Each row is represented as an Avro record and each column is a field in the record.
The JSON encoding of Avro encodes the strings in the format {“type”: value}, so we can see that both rows have string values with the names specified when we inserted the data.

Produce and see the consumer reacts

Open a new terminal

docker-compose exec connect bash

Insert a new record

sqlite3 /test.db
INSERT INTO accounts(name) VALUES('nico');
.quit

In the consumer window, we will see a new record

{"id":3,"name":{"string":"nico"}}

Support

Error deserializing Avro message for id 1

You may got the following message when you are trying to consume messages with a kafka-console-consumer.

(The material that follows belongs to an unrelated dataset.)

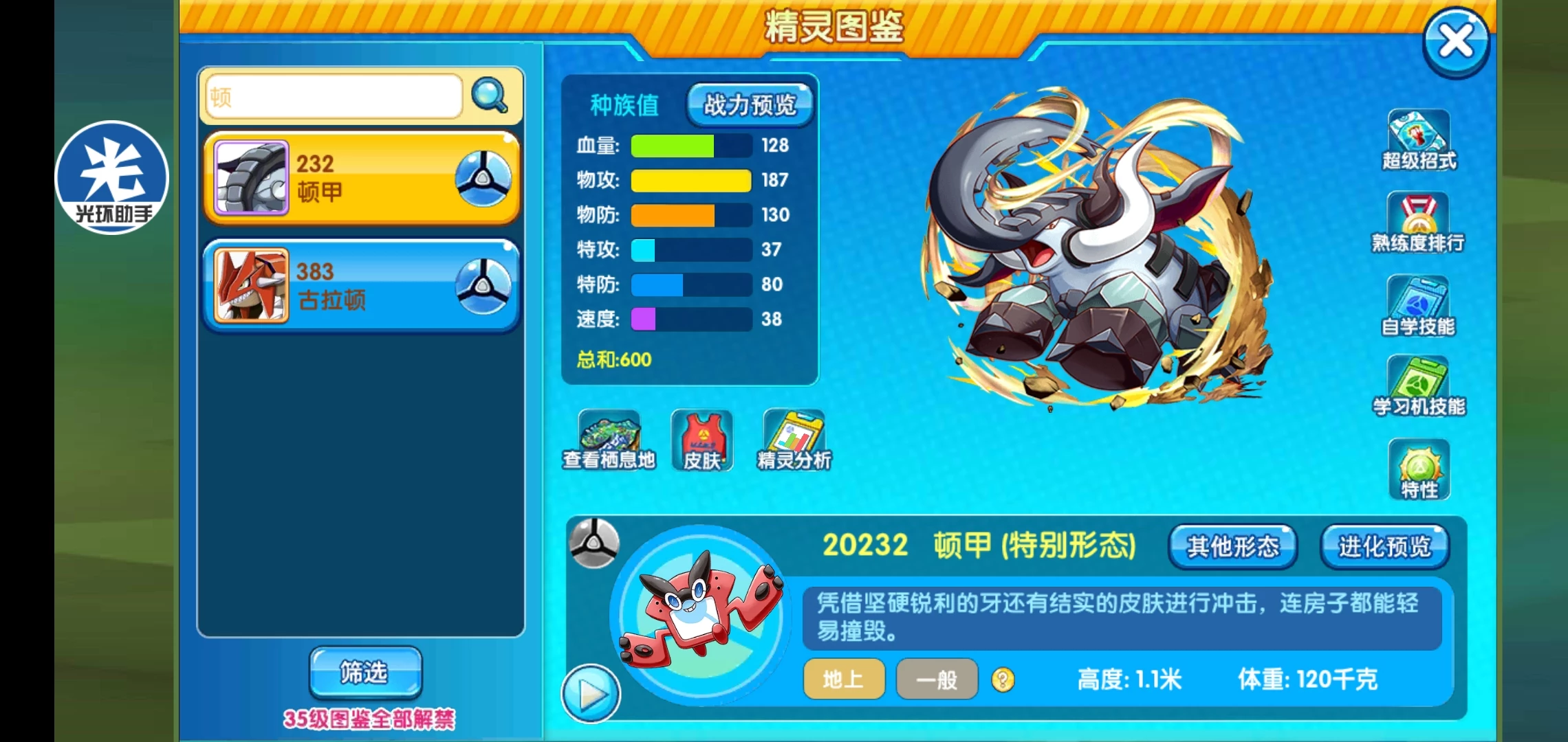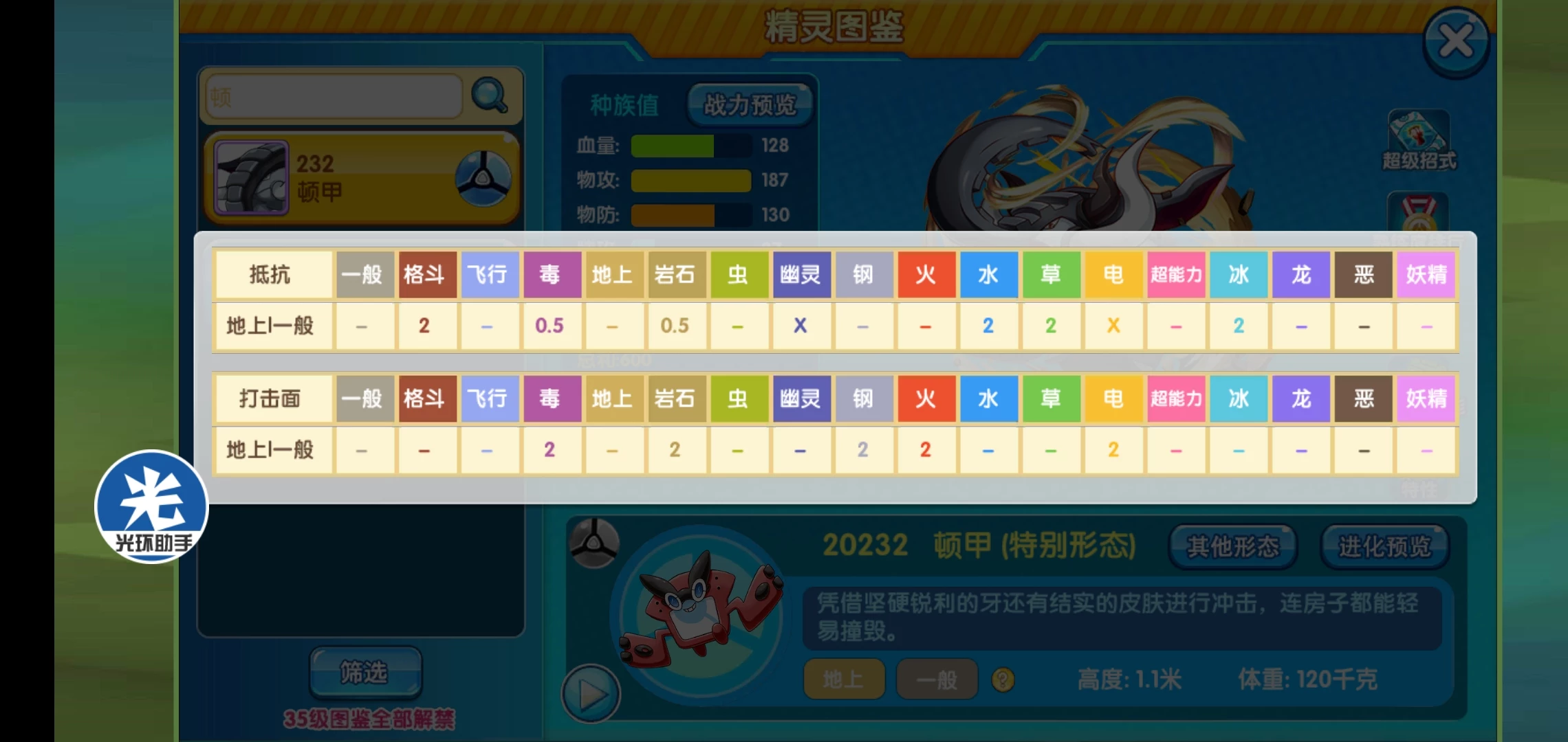 可以看出它的学习面更广,而且还有甲壳回复,配合特性持久力打持久战特别强,强化手段还有集气,可以说策划对它还是很友好,作为一个物盾兼清钉的宠物很不错,而且本系地面攻击也不弱。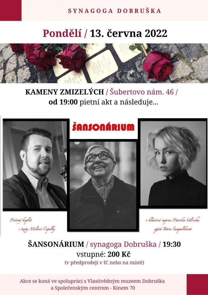 od 19 hodin pietní akt na Šubertově náměstí a následuje ŠANSONÁRIUM - písňový kuplet s texty Miloně Čepelky v klavírní impresi Patrika Ulricha a zpěvu Báry Šampalíkové

[2017-12-12 21:20:47,992] ERROR Unknown error when running consumer:  (kafka.tools.ConsoleConsumer$:107)
org.apache.kafka.common.errors.SerializationException: Error deserializing Avro message for id 1
Caused by: java.net.ConnectException: Connection refused
        at java.net.PlainSocketImpl.socketConnect(Native Method)
        at java.net.AbstractPlainSocketImpl.doConnect(AbstractPlainSocketImpl.java:350)
        at java.net.AbstractPlainSocketImpl.connectToAddress(AbstractPlainSocketImpl.java:206)
        at java.net.AbstractPlainSocketImpl.connect(AbstractPlainSocketImpl.java:188)
        at java.net.SocksSocketImpl.connect(SocksSocketImpl.java:392)
        at java.net.Socket.connect(Socket.java:589)
        at java.net.Socket.connect(Socket.java:538)
        at sun.net.NetworkClient.doConnect(NetworkClient.java:180)
        at sun.net.www.http.HttpClient.openServer(HttpClient.java:432)
        at sun.net.www.http.HttpClient.openServer(HttpClient.java:527)
        at sun.net.www.http.HttpClient.<init>(HttpClient.java:211)
        at sun.net.www.http.HttpClient.New(HttpClient.java:308)
        at sun.net.www.http.HttpClient.New(HttpClient.java:326)
        at sun.net.www.protocol.http.HttpURLConnection.getNewHttpClient(HttpURLConnection.java:1169)
        at sun.net.www.protocol.http.HttpURLConnection.plainConnect0(HttpURLConnection.java:1105)
        at sun.net.www.protocol.http.HttpURLConnection.plainConnect(HttpURLConnection.java:999)
        at sun.net.www.protocol.http.HttpURLConnection.connect(HttpURLConnection.java:933)
        at sun.net.www.protocol.http.HttpURLConnection.getInputStream0(HttpURLConnection.java:1513)
        at sun.net.www.protocol.http.HttpURLConnection.getInputStream(HttpURLConnection.java:1441)
        at java.net.HttpURLConnection.getResponseCode(HttpURLConnection.java:480)
        at io.confluent.kafka.schemaregistry.client.rest.RestService.sendHttpRequest(RestService.java:174)
        at io.confluent.kafka.schemaregistry.client.rest.RestService.httpRequest(RestService.java:218)
        at io.confluent.kafka.schemaregistry.client.rest.RestService.getId(RestService.java:394)
        at io.confluent.kafka.schemaregistry.client.rest.RestService.getId(RestService.java:387)
        at io.confluent.kafka.schemaregistry.client.CachedSchemaRegistryClient.getSchemaByIdFromRegistry(CachedSchemaRegistryClient.java:65)
        at io.confluent.kafka.schemaregistry.client.CachedSchemaRegistryClient.getBySubjectAndId(CachedSchemaRegistryClient.java:138)
        at io.confluent.kafka.serializers.AbstractKafkaAvroDeserializer.deserialize(AbstractKafkaAvroDeserializer.java:122)
        at io.confluent.kafka.serializers.AbstractKafkaAvroDeserializer.deserialize(AbstractKafkaAvroDeserializer.java:93)
        at io.confluent.kafka.formatter.AvroMessageFormatter.writeTo(AvroMessageFormatter.java:148)
        at io.confluent.kafka.formatter.AvroMessageFormatter.writeTo(AvroMessageFormatter.java:140)
        at kafka.tools.ConsoleConsumer$.process(ConsoleConsumer.scala:146)
        at kafka.tools.ConsoleConsumer$.run(ConsoleConsumer.scala:84)
        at kafka.tools.ConsoleConsumer$.main(ConsoleConsumer.scala:54)
        at kafka.tools.ConsoleConsumer.main(ConsoleConsumer.scala)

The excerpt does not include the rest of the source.